LICENSED CAPTAINS TO OPERATE CRANE AND SKOW VESSELS: These people will have current Captains License with a minimum of 50ton limit and be knowledgeable of the local waters. Mechanical ability of diesel engines would be a plus.
PWC OPERATORS: These people will be trained or have sufficient time logged
Proficient in their operation and use with rescue sleds and inlet turbulence, rapid recovery as well as pulling divers behind to locate debris.
SCHEDULE AND DURATION OF PROJECT
INLET PROJECT:
Currently, we have three Inlet dives planned for March 18, May 12, and July 10, 2006 for the Sebastian inlet. We will have two additional dives at the Fort Pierce inlet and one for the St Lucie Inlet. These will all be on Saturdays to allow for the largest number of volunteer divers and boats. These care taking projects will be an on-going process until laws are changed to demand use of biodegradable fishing line, moorings are placed in the inlet for fishing boats, and nets are no longer found during maintenance dives.
INDIAN RIVER PROJECT:
On additional weekends our divers will travel the width of the Indian River and mark with floats submerged debris and object previously identified by marine patrol personal. Smaller object can be collected at those times, but we are more interested in the locating and marking of the larger debris.

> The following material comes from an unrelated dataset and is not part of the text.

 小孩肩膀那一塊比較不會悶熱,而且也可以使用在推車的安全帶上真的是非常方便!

During regular weekdays, a paid staff will use the crane boat, the PWC’s, and a few divers to secure these larger objects and hoist them onto the crane vessel and/or a small barge depending on size and amounts.
Since the river we how to effect clean-up covers approximately 120 square miles of the Indian River, our first phase will to be identifying vessels with fluids that are or will be leaking into the environment and recover them first.

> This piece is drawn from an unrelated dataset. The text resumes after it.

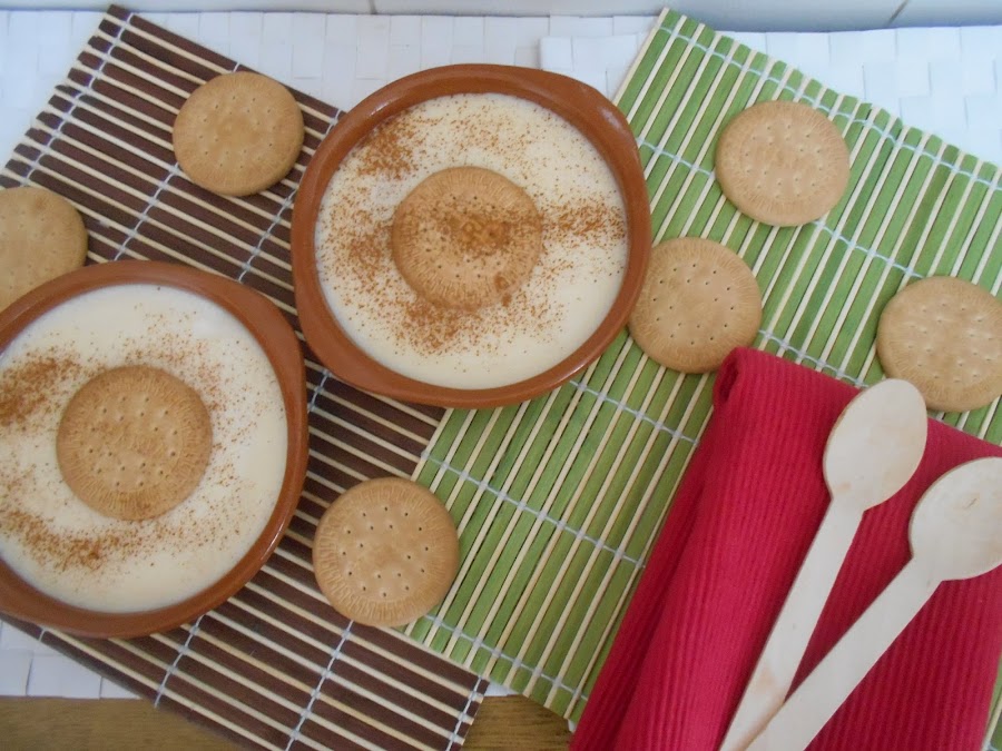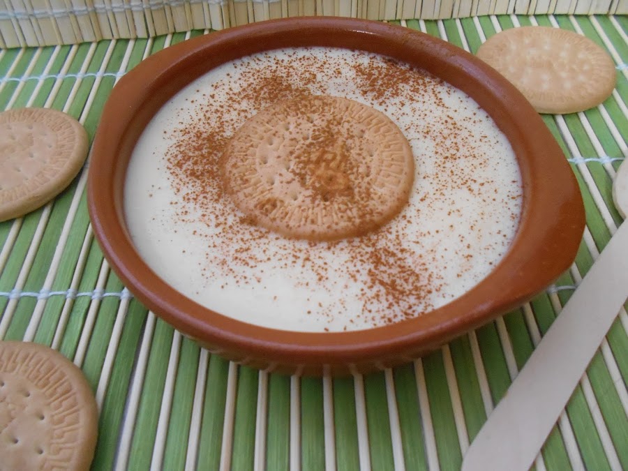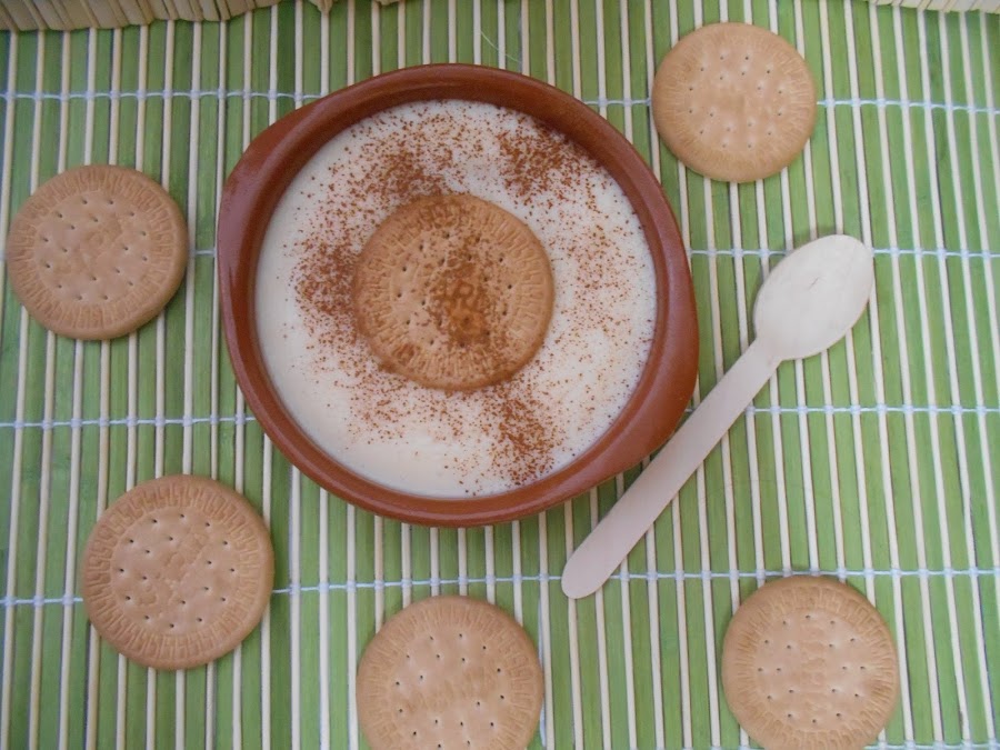 Disponemos en cuencos o copas y añadimos unas galletas María. A mi me gusta poner en capas

We know this is a huge project, but it is a vital one and needs to be addressed and addressed as soon as possible. It is our estimate that without further storms to add to the present problem, this river debris clean-up will take three years.
REEF CARE TAKING PROJECT:
Like the Inlet Project, the Reef care-taking part of the project, based on collection data is needs to be an on-going operation.
First dive (2004)
Third dive (Oct 2005)
PROJECT GROWTH AND IMPACT
At this time, we have involved Sea Scouts, a youth group from the Fort Pierce involved in boating safety. We have involved The Crew of Brevard County, also a youth group but involved in scuba diving. We have gotten the assistance of the professional fishing fleet of Stuart. The Orchid Island Rotary Club has donated time and members as well as a few boats. Two different dive shops have donated air and tanks for our dives. Dozens of scuba divers of differing ages and boats of differing interests have donated their time, equipment and bodies for this project. The Fire Rescue Team of Sebastian, the Marine Patrol and the Sheriffs Department teams have all assisted in watching over our project while we are diving and setting up.
This has all expanded from 6 divers using one boat just two years ago. The combining of diverse organizations with similar objectives and the involvement of mentors, be they scuba divers, boaters, or environmentalist, can only help to grow the knowledge as well as the interest in diving, boating, and the environment.

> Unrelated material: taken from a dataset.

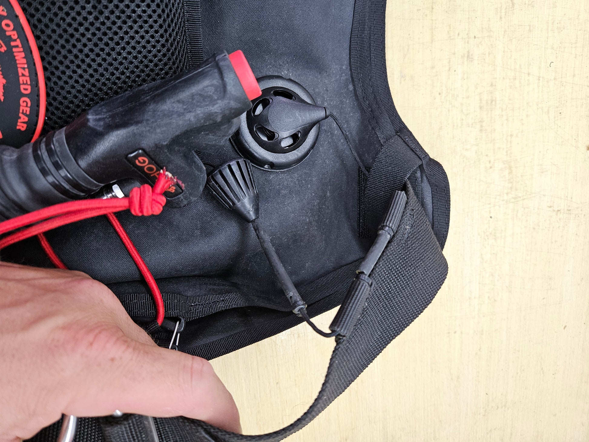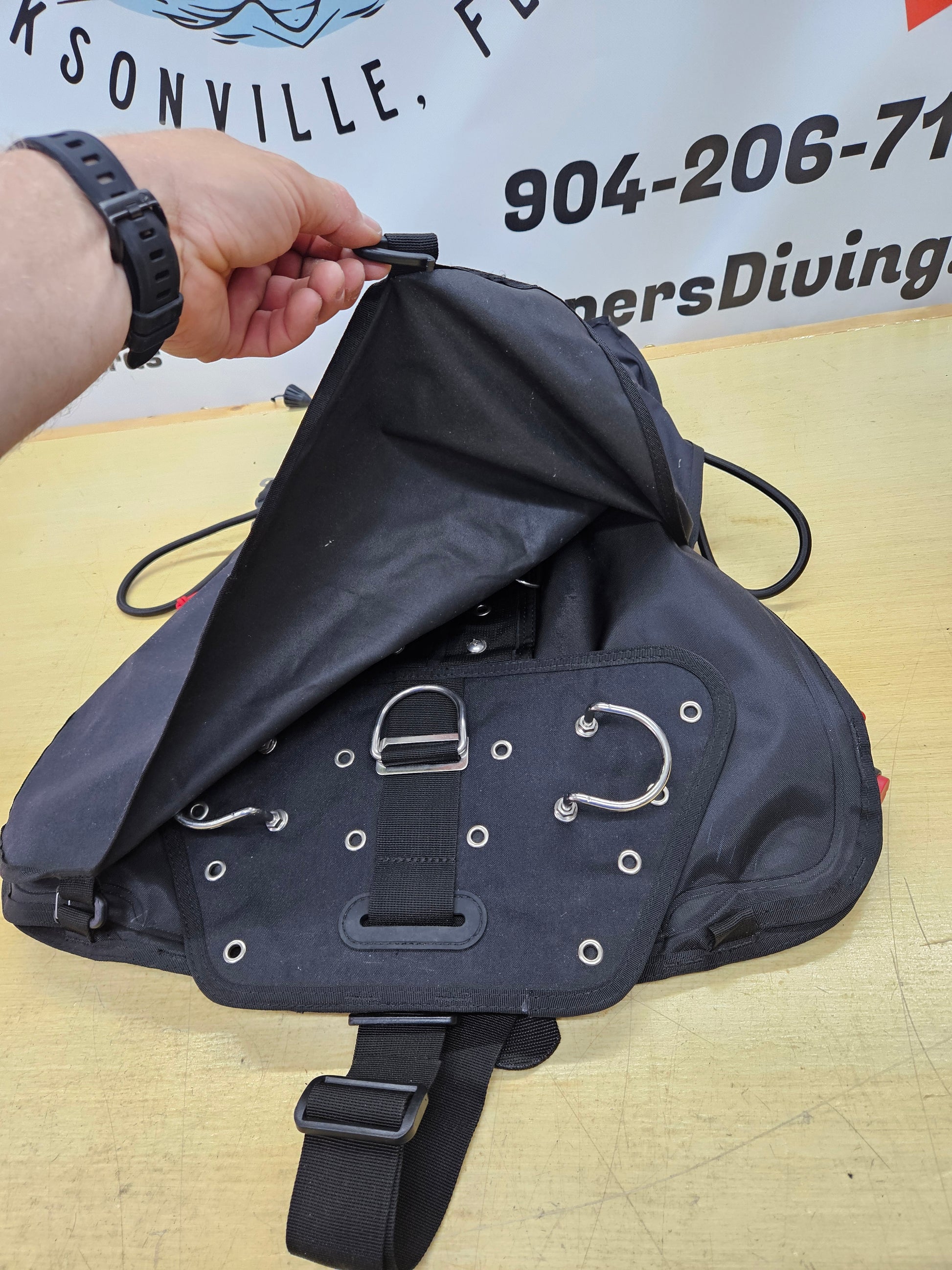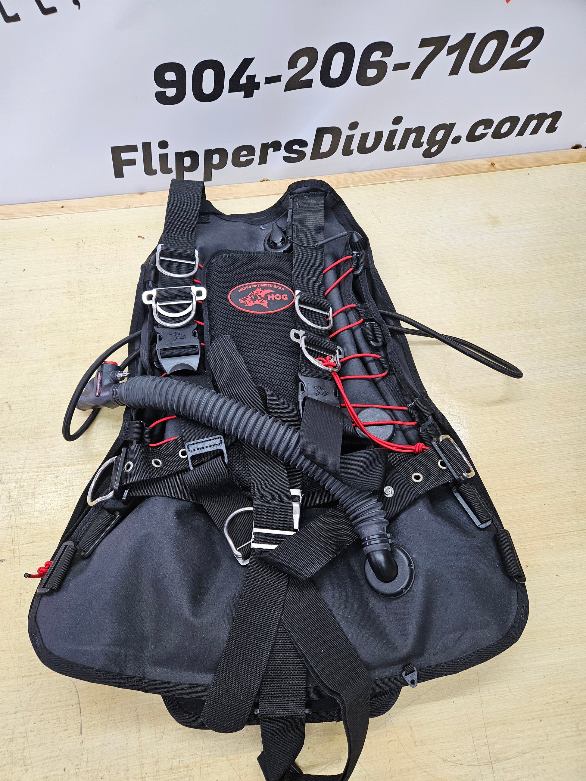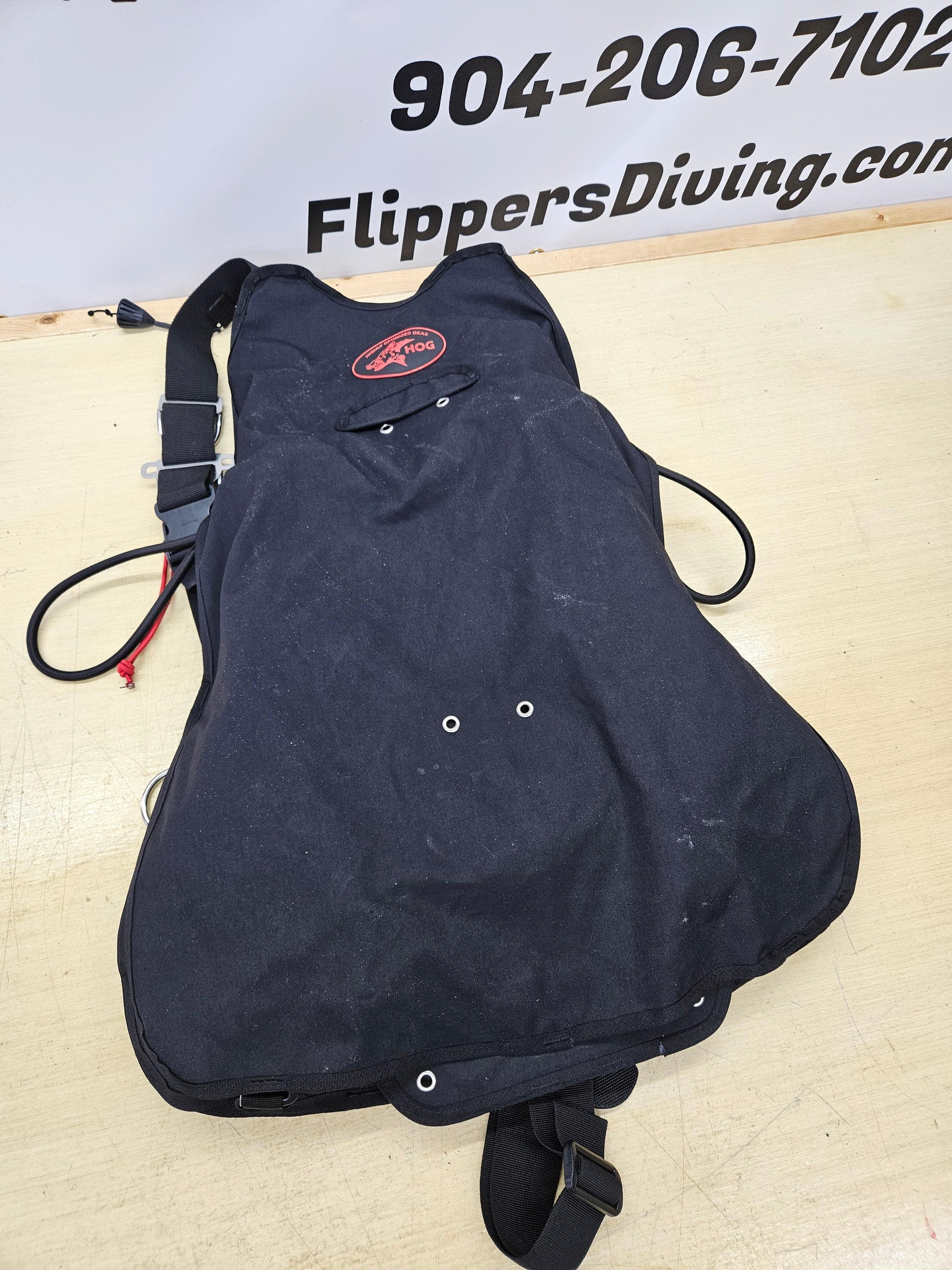 HOG Sidemount BCD. Full transparency... this BCD has not seen much use, but it appears as it's been sitting for quite awhile as some of the rubber bits have had some deterioration. If you're looking for something to mess with or a project BCD that you want to customize, this is it. If you're new to sidemount and want an out of the box ready to go rig, this is not it. Sold as is, no guarantees, no returns. Comes with added protective cover that shields the backside of the wing/bladder. One size fits most.

We see this as being a total winning situation. First, the River is cleared and will not continue to look like Dinner Key in Miami, Florida. After Hurricane Andrew, they left the sunken boats on the spoil islands and now they are the shelters for the homeless and the City cannot get them out. We want our River back to its’ natural condition.
Boats wrecked or grounded off spoil islands just outside Dinner Key Marine, Oct ‘05
Boats still grounded off Dinner Key in Miami as of October 2005
These are not boat just grounded from Hurricane Katrina, these boats have been here since Hurricane Andrew!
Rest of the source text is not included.